Clear November night skies offer incredible celestial sights for stargazers, so bundle up and get outside for stargazing fun!
Best Galaxy — M31, The Andromeda Galaxy. In early November, the Andromeda Galaxy will be just north of the constellation Andromeda and positioned high in the eastern sky for great views. Use a 6" or larger telescope for the best views of this spiral galaxy. Massive M31 is the nearest galaxy to our home galaxy, the Milky Way.
Best Star Cluster — M45, the Pleiades. November is sometimes called "the month of the Pleiades," since the famous open star cluster is visible all night long for observers in the Northern hemisphere. From a dark sky site, M45 is easy to see with unaided eyes and resembles a small "teaspoon" pattern in the sky, but this open star cluster is best appreciated in a good pair of 50mm or larger astronomy binoculars.
Supermoon Rises — The second "Supermoon" of 2016 occurs on November 14th, when the perigee Full Moon rises in the sky. The Moon will be just 221,525 miles from Earth, making its closest approach of the year. On this night, the Moon will be directly opposite the Sun in the sky and will appear slightly brighter and larger than usual.
Leonids Meteor Shower — Go outside around midnight on Tuesday, November 16th into the early morning hours of the 17th to see the peak of the annual Leonids Meteor Shower. The best viewing will be after midnight, when the waning gibbous Moon sinks low in the sky. Look for meteors as they appear to radiate out from the constellation Leo. The Leonids meteors are left-over debris of comet Temple-Tuttle, a comet that orbits the Sun every 33 years. Grab a warm blanket or coat and enjoy the show!
Our Favorite Nebula — Our namesake constellation Orion will be in a great viewing position in late November, placed nice and high in the southeastern sky around midnight. Use 50mm or larger binoculars or a telescope and look in the area below the three recognizable stars of Orion's belt for a great view of M42, the Orion Nebula. Any telescope will reveal this nebula, but we recommend a 6-inch or larger telescope with a wide-angle, low-power eyepiece for the best views. If you'll be observing from the city or near a lot of streetlights, use an Orion Oxygen-III Nebula Filter to boost contrast for more pleasing views
Pre-Dawn Pairing — Before the Sun rises on November 24th, the Moon and Jupiter will be close together in the sky. Look above the eastern horizon before dawn to see this pretty pair as the Moon and the largest planet in our solar system appear to pass within 2° of each other.
Two Clusters Side by Side — High in the northern sky around 10 PM is a bright knot in the Milky Way, located between the constellations of Perseus and Cassiopeia. With astronomy binoculars you can tell this bright patch is really two open star clusters side by side, the famous Double Cluster in Perseus. Also called NGC 884 & NGC 869, these star clusters are relatively very close to Earth, about 7-8,000 light years away. Astronomers believe these open clusters are about 3-5 million years old, just youngsters on the cosmic timescale!

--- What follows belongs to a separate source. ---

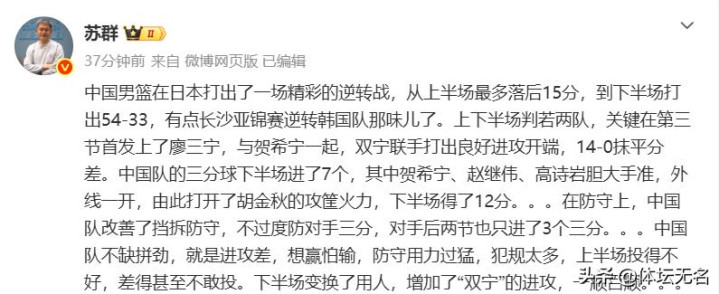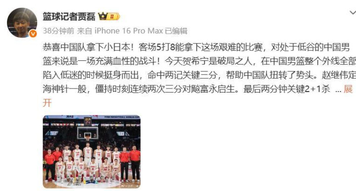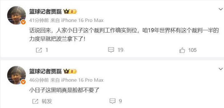 在比赛为止后,国内CBA记者贾磊火力全开,在社媒上连续发文炮轰中日大战的裁判。日本主场作战,裁判吹罚太离谱,以至临了本事快为止了,吹了胡金秋违体犯规,强行给了日本两罚一掷的契机!

A Dark Sky Test — On the opposite side of Andromeda from M31 is another nearby galaxy, M33, also known as the Triangulum Galaxy. Use a star chart to look for it in 50mm or larger astronomy binoculars. If you have a dark sky site to observe from, you may be able to detect this galaxy with the naked eye. In fact, M33 is used as a test of sorts by experienced observers to judge the darkness and transparency of a potential observing site.
Catch a Dying Star — High in the western skies of November, early in the evening, the constellation Cygnus is still prominently visible and topped off by the bright star Deneb at the top of the "Northern Cross." Use a star chart to track down the Veil Nebula on the eastern side of Cygnus near the star 52 Cygni. Use an Oxygen-III filter and low power while you scan for this object. The Veil is a remnant of a supernova explosion, where a star has died! We recommend a 4" or larger telescope to catch it (but it has been seen in smaller scopes from good dark sky locations with excellent seeing conditions).

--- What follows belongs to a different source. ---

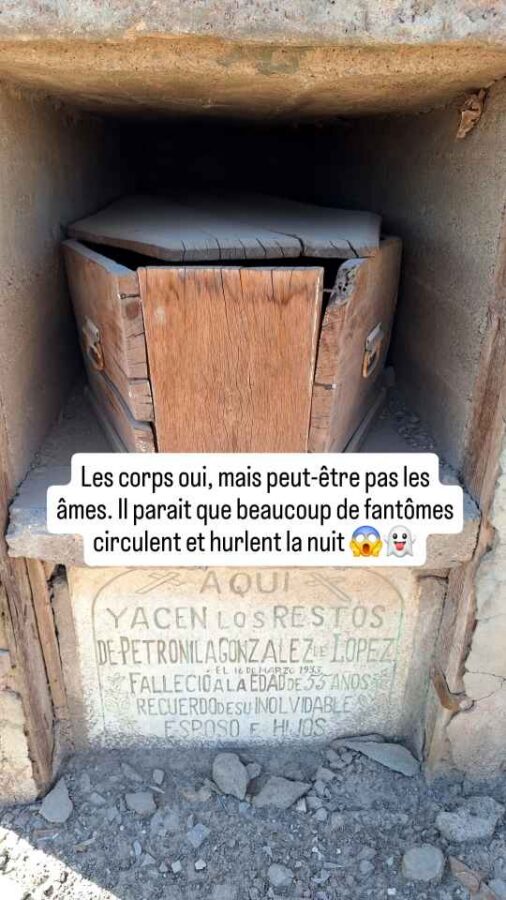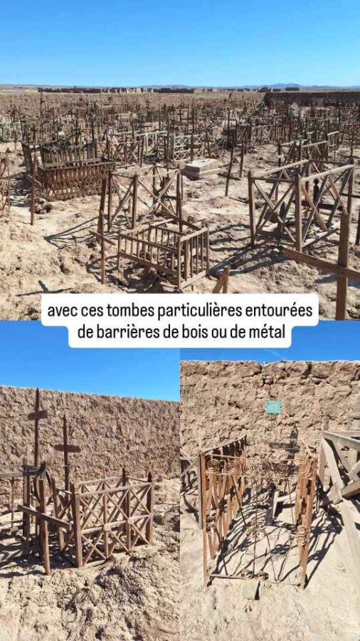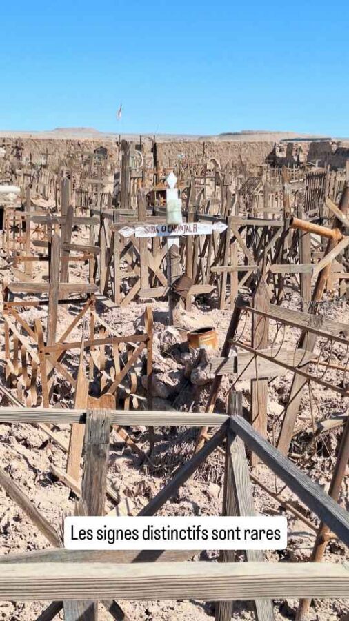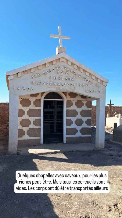 Au XIXe siècle, l’extraction du salpêtre battait son plein au Chili dans le désert d’Atacama, et de nombreux villages poussaient comme des champignons pour héberger tous ceux qui venaient profiter de ce que l’on pourrait appeler la fièvre du nitrate ou encore la ruée vers l’or blanc. Au début du XXe siècle, on trouva le moyen de synthétiser le salpêtre, ce qui fit péricliter toute cette activité. Ce ne fut pas forcément une mauvaise chose pour les mineurs qui perdaient leur santé dans ce travail harassant, mais forcément, ce la les obligea à quitter les lieux. C’est ainsi que l’on trouve dans la région de nombreux villages fantômes. Nous nous sommes arrêtés pour jeter un œil à celui appelé Pampa Union. Il ne reste guère que les murs des bâtiments, dont la faible résistance au temps semble montrer qu’ils ont été construits à la hâte. Le mieux conservé, si l’on peut dire, c’est le cimetière, empli de petites tombes en terre entourées d’une grille de bois ou de métal. Le long d’un mur, des caveaux contiennent encore des cercueils dont le contenu a manifestement été transposé ailleurs. Mais les âmes sont peut-être restées, de nombreuses histoires circulent sur des fantômes se promenant et hurlant la nuit dans ces villages…

November's Challenge Object — Low in the southern sky, in the constellation Grus, lies a BIG planetary nebula called IC5148. You'll need at least a 6" telescope to see it, and an Oxygen-III filter really helps. This 13th magnitude planetary is 120" x 120" of arc across, so it's nice and big, but it's tough for most observers to catch since it is so low in the south and the surface brightness is low. IC 5148 is about 3000 light years away and is sometimes called the "Spare Tire" Nebula.
Double Cluster in Perseus by Ken Griggs
All objects described above can easily be seen with the suggested equipment from a dark sky site, a viewing location some distance away from city lights where light pollution and when bright moonlight does not overpower the stars.